A problem with something like:
unsigned char solidify_alt(unsigned char *p)
{ return *p; }
is that compilers may combine an optimization which could be troublesome but tolerable in isolation, with one that would be good in isolation but deadly in combination with the first:
If the function is passed the address of an
unsigned char
which has been optimized to e.g. a 32-bit register, a function like the above may blindly return the contents of that register without clipping it to the range 0-255. Requiring that callers manually clip the results of such functions would be annoying but survivable if that were the only problem. Unfortunately...Since the above function function will "always" return a value 0-255, compilers may omit any "downstream" code that would try to mask the value into that range, check if it was outside, or otherwise do things that would be irrelevant for values outside the range 0-255.

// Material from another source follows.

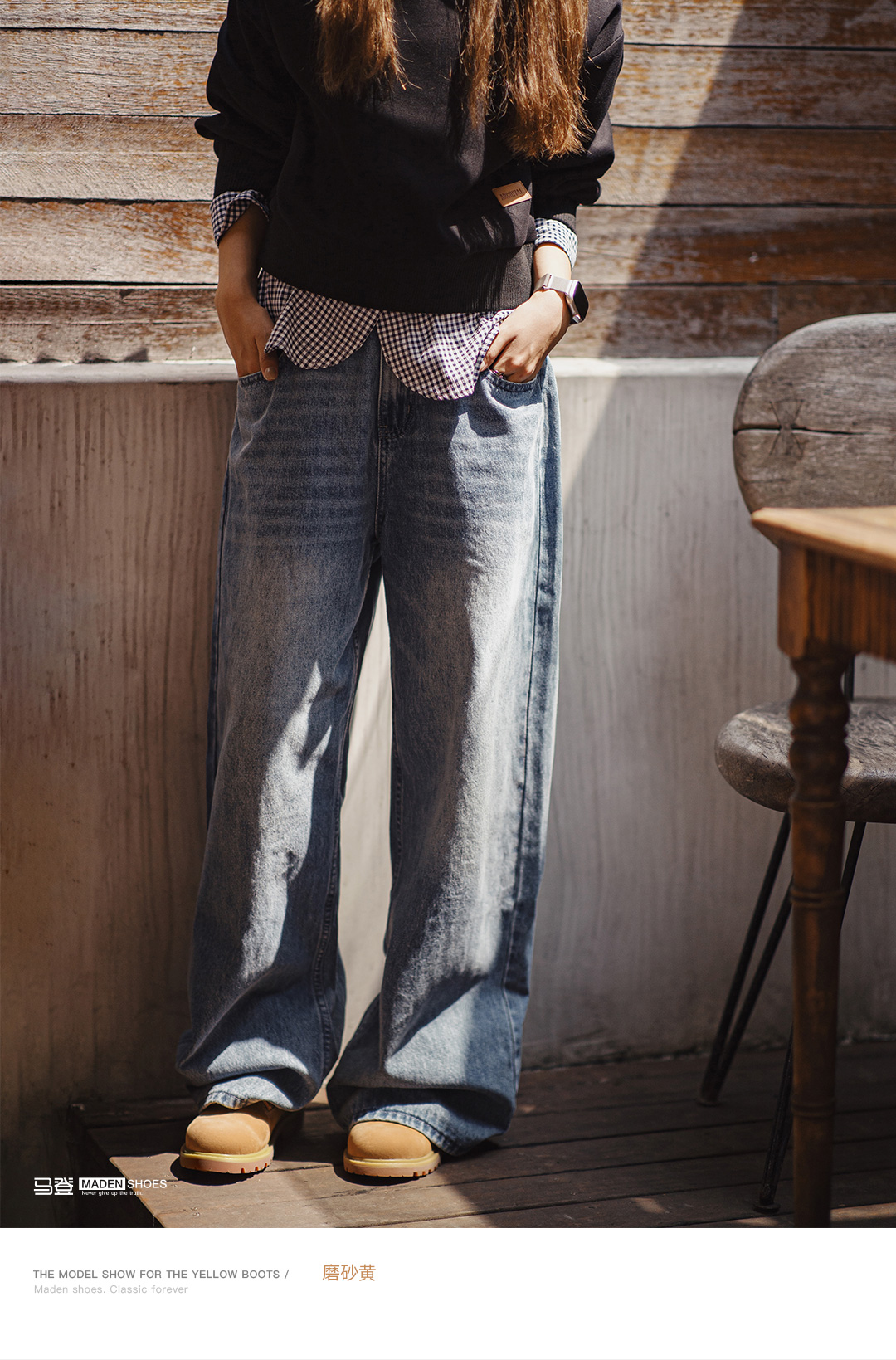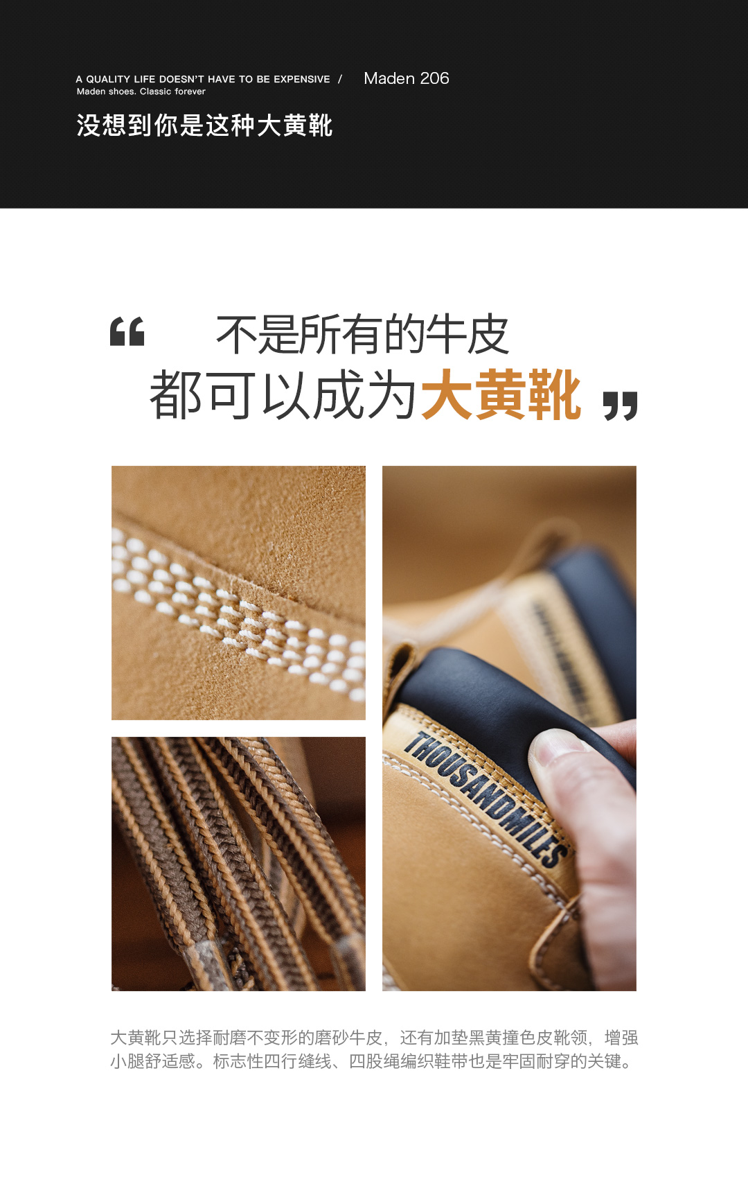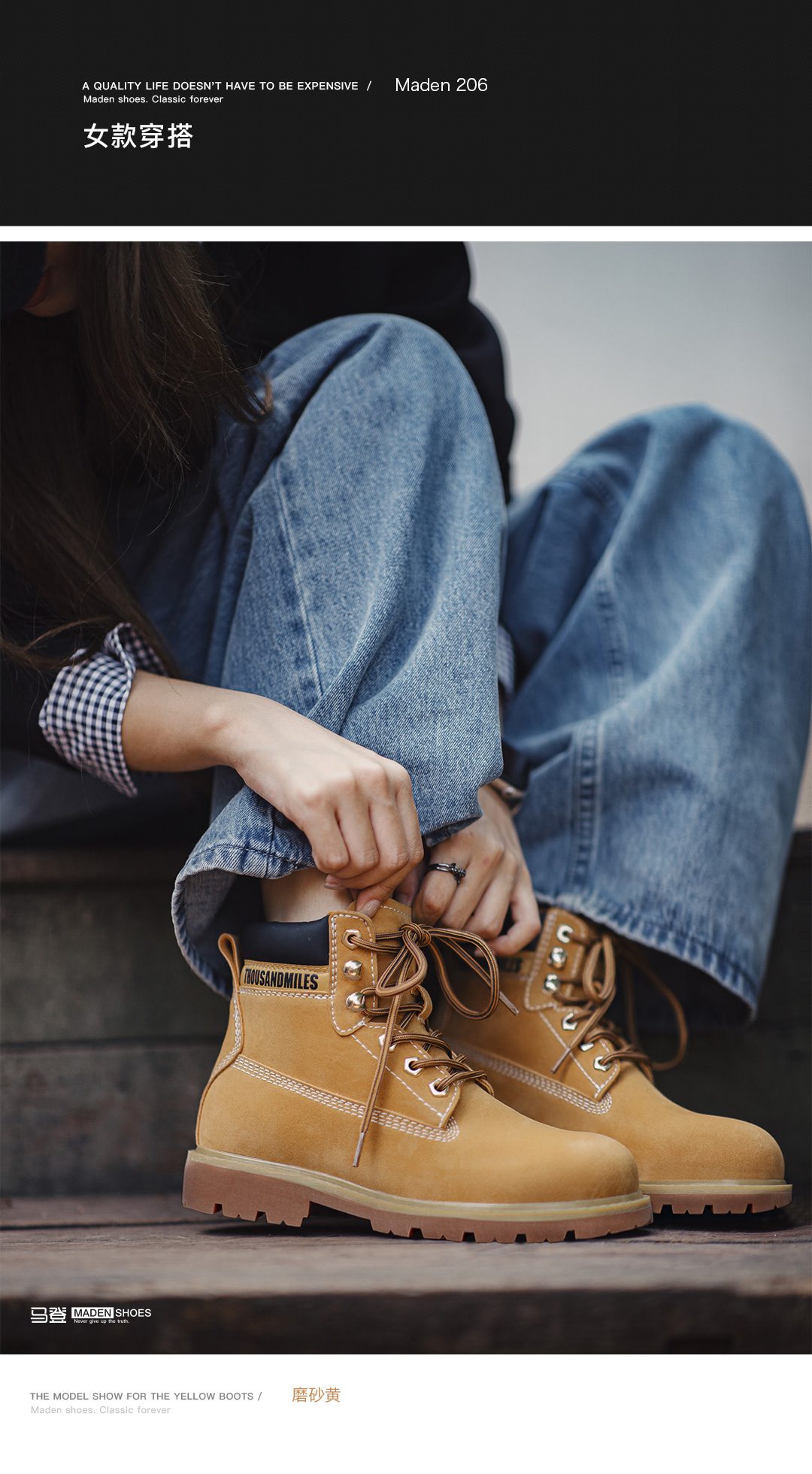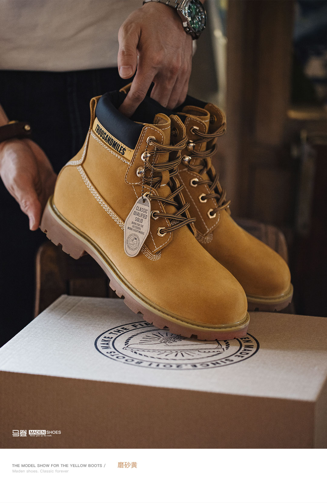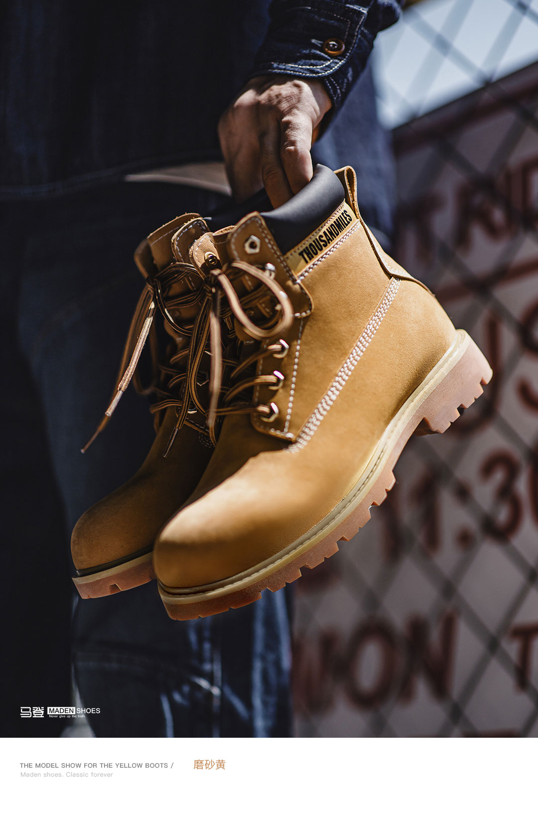 马登秋季新款美式大黄靴男休闲中帮马丁靴户外登山靴复古工装靴子

Some I/O devices may require that code wishing to write an octet perform a 16-bit or 32-bit store to an I/O register, and may require that 8 bits contain the data to be written and other bits hold a certain pattern. They may malfunction badly if any of the other bits are set wrong. Consider the code:
void send_byte(unsigned char *p, unsigned int n)
{
while(n--)
OUTPUT_REG = solidify_alt(*p++) | 0x0200;
}
void send_string4(char *st)
{
unsigned char buff[5]; // Leave space for zero after 4-byte string
strcpy((char*)buff, st);
send_bytes(buff, 4);
}
with the indended semantics that send_string4("Ok"); should send out an 'O', a 'k', a zero byte, and an arbitrary value 0-255. Since the code uses solidify_alt
rather than solidify
, a compiler could legally turn that into:
void send_string4(char *st)
{
unsigned buff0, buff1, buff2, buff3;
buff0 = st[0]; if (!buff0) goto STRING_DONE;
buff1 = st[1]; if (!buff1) goto STRING_DONE;
buff2 = st[2]; if (!buff2) goto STRING_DONE;
buff3 = st[3];
STRING_DONE:
OUTPUT_REG = buff0 | 0x0200;
OUTPUT_REG = buff1 | 0x0200;
OUTPUT_REG = buff2 | 0x0200;
OUTPUT_REG = buff3 | 0x0200;
}
with the effect that OUTPUT_REG may receive values with bits set outside the proper range. Even if output expression were changed to ((unsigned char)solidify_alt(*p++) | 0x0200) & 0x02FF)
a compiler could still simplify that to yield the code given above.
The authors of the Standard refrained from requiring compiler-generated initialization of automatic variables because it would have made code slower in cases where such initialization would be semantically unnecessary. I don't think they intended that programmers should have to manually initialize automatic variables in cases where all bit patterns would be equally acceptable.
Note, btw, that when dealing with short arrays, initializing all the values will be inexpensive and would often be a good idea, and when using large arrays a compiler would be unlikely to impose the above "optimization". Omitting the initialization in cases where the array is large enough that the cost matters, however, would make the program's correct operation reliant upon "hope".